What the exercise asks — Below are the records; give again exactly the lines from the one containing "v Elizabeth Arden" through the one containing "Ce dossier médical", leaving out pictures.

Record excerpts —

____________

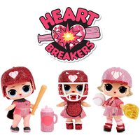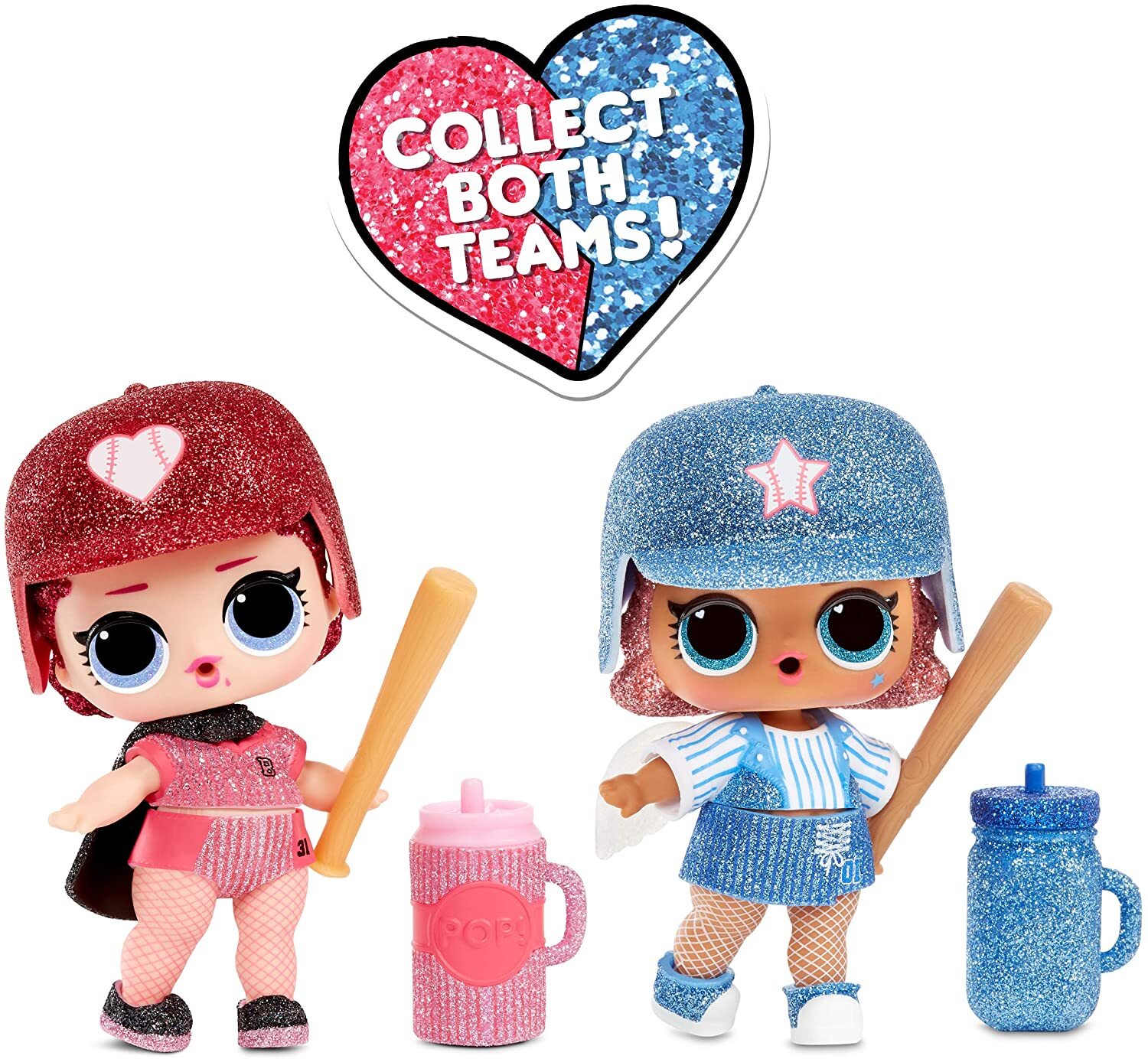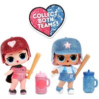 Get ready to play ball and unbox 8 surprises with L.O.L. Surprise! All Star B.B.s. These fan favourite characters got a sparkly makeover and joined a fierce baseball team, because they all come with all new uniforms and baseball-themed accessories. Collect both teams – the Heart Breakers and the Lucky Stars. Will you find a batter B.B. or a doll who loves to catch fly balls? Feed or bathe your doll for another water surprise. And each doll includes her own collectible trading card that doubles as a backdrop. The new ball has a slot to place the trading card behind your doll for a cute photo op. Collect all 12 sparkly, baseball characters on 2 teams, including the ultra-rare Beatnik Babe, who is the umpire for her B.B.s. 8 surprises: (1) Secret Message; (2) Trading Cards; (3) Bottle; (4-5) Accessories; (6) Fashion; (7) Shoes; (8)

____________

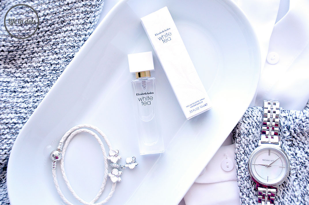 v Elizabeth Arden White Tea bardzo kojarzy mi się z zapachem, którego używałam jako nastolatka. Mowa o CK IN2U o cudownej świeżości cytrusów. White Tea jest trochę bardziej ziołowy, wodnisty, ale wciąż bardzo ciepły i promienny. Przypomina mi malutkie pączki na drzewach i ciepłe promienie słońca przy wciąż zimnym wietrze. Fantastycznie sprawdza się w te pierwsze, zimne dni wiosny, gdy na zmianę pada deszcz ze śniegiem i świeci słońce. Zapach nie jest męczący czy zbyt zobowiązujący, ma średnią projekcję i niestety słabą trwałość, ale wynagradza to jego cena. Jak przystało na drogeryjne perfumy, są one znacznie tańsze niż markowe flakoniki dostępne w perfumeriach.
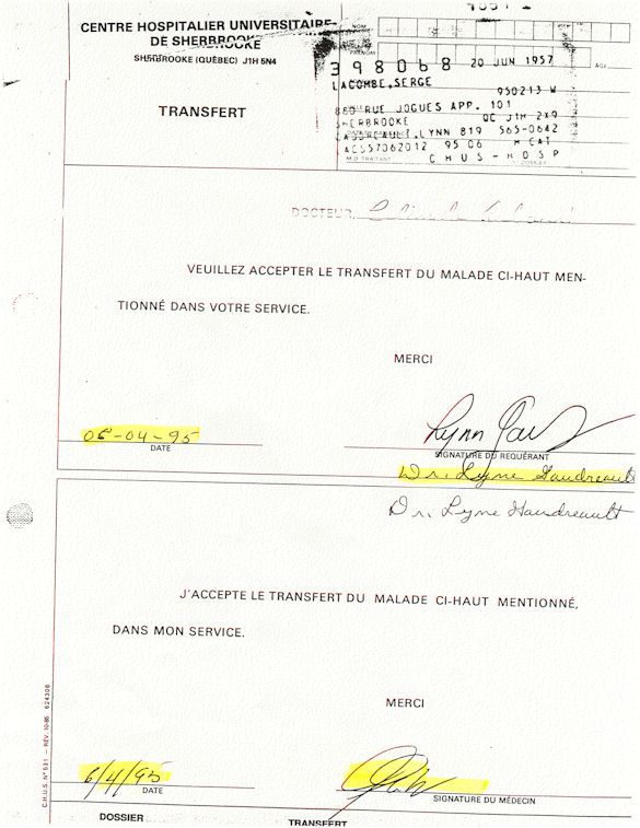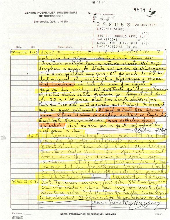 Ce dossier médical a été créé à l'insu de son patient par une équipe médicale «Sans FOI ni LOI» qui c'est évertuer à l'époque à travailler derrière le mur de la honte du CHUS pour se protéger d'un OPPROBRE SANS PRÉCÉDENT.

____________

Task response —
 v Elizabeth Arden White Tea bardzo kojarzy mi się z zapachem, którego używałam jako nastolatka. Mowa o CK IN2U o cudownej świeżości cytrusów. White Tea jest trochę bardziej ziołowy, wodnisty, ale wciąż bardzo ciepły i promienny. Przypomina mi malutkie pączki na drzewach i ciepłe promienie słońca przy wciąż zimnym wietrze. Fantastycznie sprawdza się w te pierwsze, zimne dni wiosny, gdy na zmianę pada deszcz ze śniegiem i świeci słońce. Zapach nie jest męczący czy zbyt zobowiązujący, ma średnią projekcję i niestety słabą trwałość, ale wynagradza to jego cena. Jak przystało na drogeryjne perfumy, są one znacznie tańsze niż markowe flakoniki dostępne w perfumeriach.
 Ce dossier médical a été créé à l'insu de son patient par une équipe médicale «Sans FOI ni LOI» qui c'est évertuer à l'époque à travailler derrière le mur de la honte du CHUS pour se protéger d'un OPPROBRE SANS PRÉCÉDENT.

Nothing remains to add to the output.